Which is to say: the power of fundamentalism lies not only in the text, but in the act of interpretation.
This is where the risk emerges. If meaning is treated as absolute, but reading remains human, certainty can become detached from humility. The result is not merely conviction, but competing certainties—each grounded in the same source, yet arriving at very different conclusions. When such readings are joined to power, they do not simply persuade. They govern.
The danger, in other words, is not belief itself, but belief that no longer recognizes the limits of its own reading.
Modern democracies have, for the most part, recognized this tension. The separation of church and state is not simply institutional design; it is an acknowledgment that when moral authority fuses too tightly with political power, a single interpretation can crowd out all others. Democratic structures—courts, legislatures, electorates—do not eliminate disagreement, but they force interpretations into contest with one another.

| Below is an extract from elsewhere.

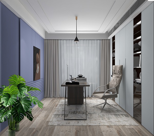 书桌和橱柜可以选用深浅不同的灰白色系,
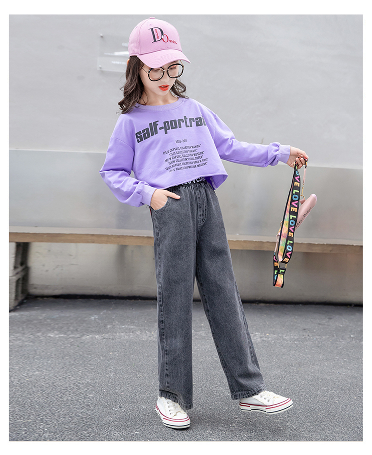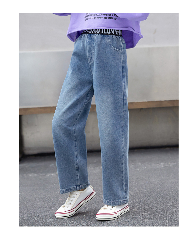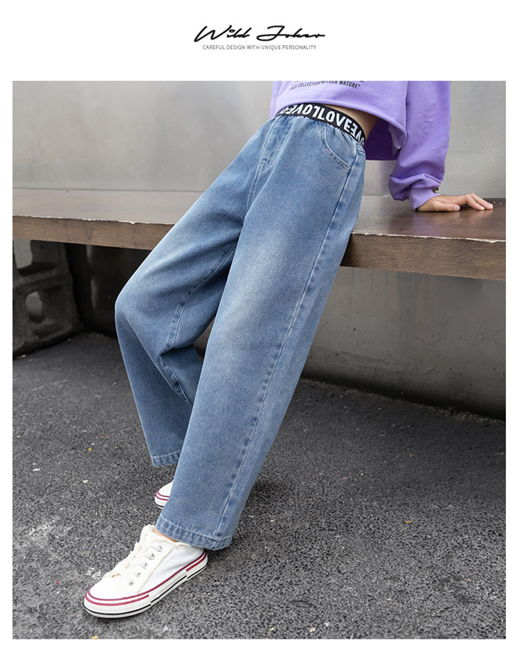 New Jeans For Girls Patchwork Kids Jeans For Girls Letter Patern Kids Jeans Casual Style Children Clothes 6 8 10 12 14 years

The process is imperfect. But it is plural.
In contemporary discourse, certain traditions are more often cited than others, usually in response to visible examples of what uncompromising readings can produce when joined to state power. But the underlying dynamic is not confined to any one faith. Any system of belief, read without context, history, or institutional restraint, can be pressed toward rigidity.
Texts written centuries—or millennia—ago were shaped by circumstances that do not travel intact across time. To read them as though they did is not fidelity. It is projection.
The question, then, is not which tradition is more susceptible to extremity. It is whether interpretation is allowed to evolve within a framework that accommodates disagreement, complexity, and change.
Left to itself, fundamentalism tends toward certainty. Democracy, at its best, disciplines certainty through process.
The challenge is not to eliminate belief, but to ensure that belief—however deeply held—remains open to interpretation.
Because in the end, it is not the text that governs.
It is the reading—and the structures that shape it.